Repeat the records below exactly from the line containing "High resolution panorama" to the line containing "Bej renkli, V", taking in both of those lines. Drop the pictures.
*** RECORDS SUPPLIED ***
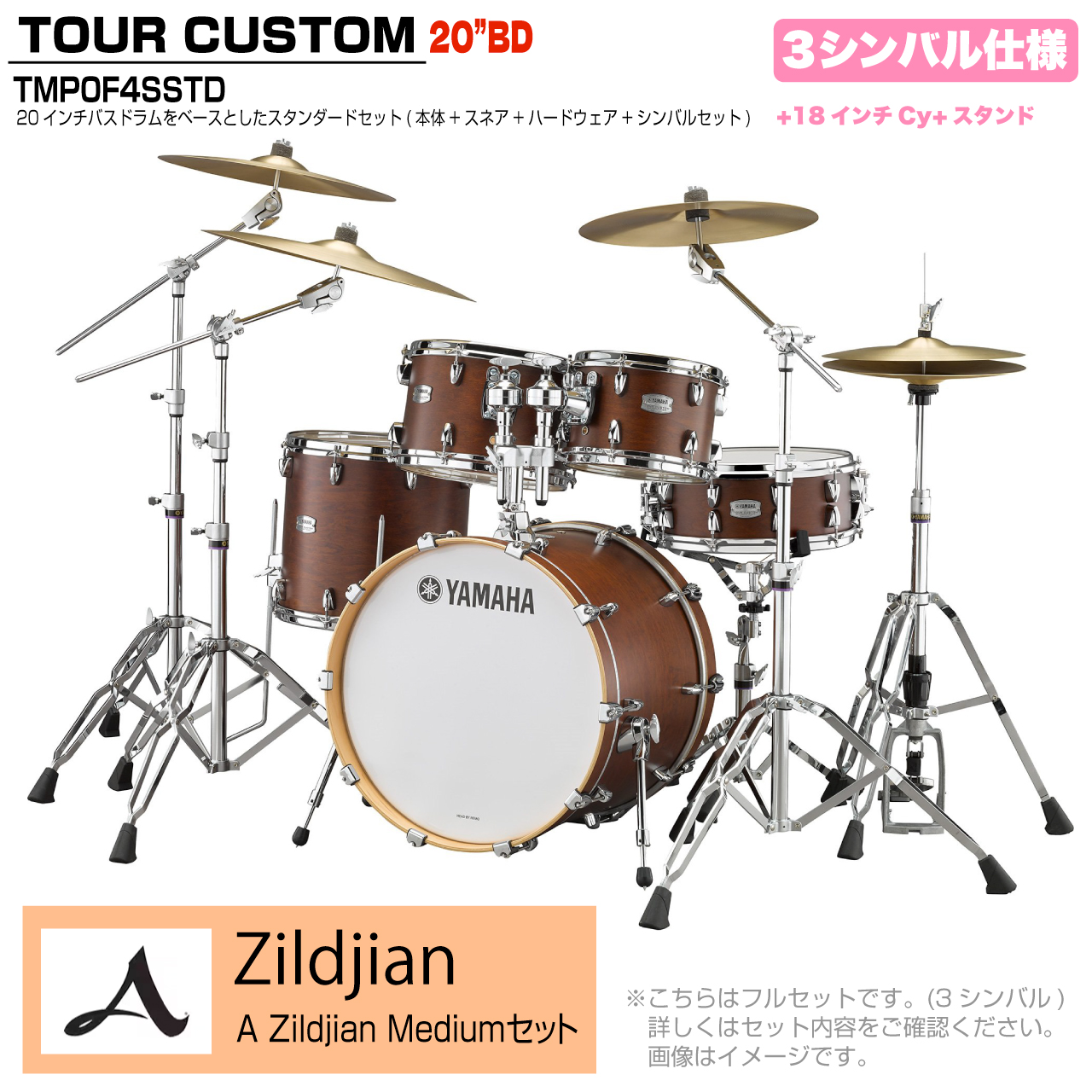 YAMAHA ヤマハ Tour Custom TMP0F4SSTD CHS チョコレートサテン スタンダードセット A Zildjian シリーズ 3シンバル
*** End of RECORDS SUPPLIED ***
*** RECORDS SUPPLIED ***
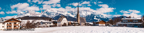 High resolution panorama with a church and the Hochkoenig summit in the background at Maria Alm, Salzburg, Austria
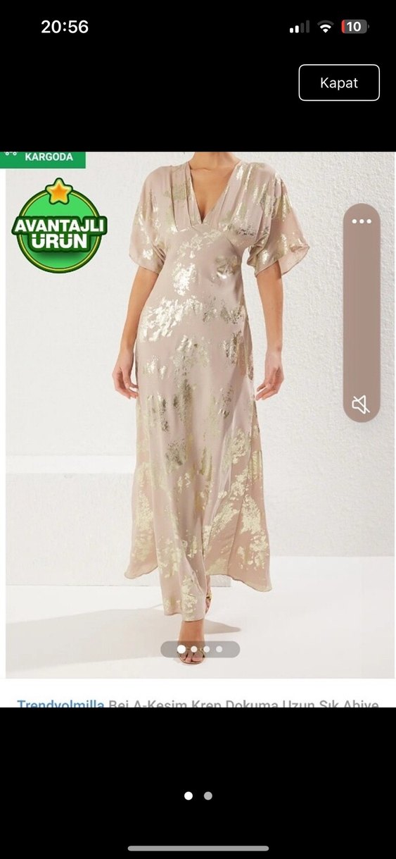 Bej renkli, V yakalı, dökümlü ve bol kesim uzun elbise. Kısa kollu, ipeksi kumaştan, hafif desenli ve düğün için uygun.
*** End of RECORDS SUPPLIED ***
*** RECORDS SUPPLIED ***
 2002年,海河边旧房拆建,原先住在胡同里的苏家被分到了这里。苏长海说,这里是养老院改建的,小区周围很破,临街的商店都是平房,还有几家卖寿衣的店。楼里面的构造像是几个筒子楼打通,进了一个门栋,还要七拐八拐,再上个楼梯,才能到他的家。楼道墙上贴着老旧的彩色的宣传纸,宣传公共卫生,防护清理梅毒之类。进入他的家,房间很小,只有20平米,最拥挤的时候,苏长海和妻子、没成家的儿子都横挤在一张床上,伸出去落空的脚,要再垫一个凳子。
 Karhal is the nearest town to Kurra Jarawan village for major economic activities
*** End of RECORDS SUPPLIED ***
▶ _ANSWER SECTION_
 High resolution panorama with a church and the Hochkoenig summit in the background at Maria Alm, Salzburg, Austria
 Bej renkli, V yakalı, dökümlü ve bol kesim uzun elbise. Kısa kollu, ipeksi kumaştan, hafif desenli ve düğün için uygun.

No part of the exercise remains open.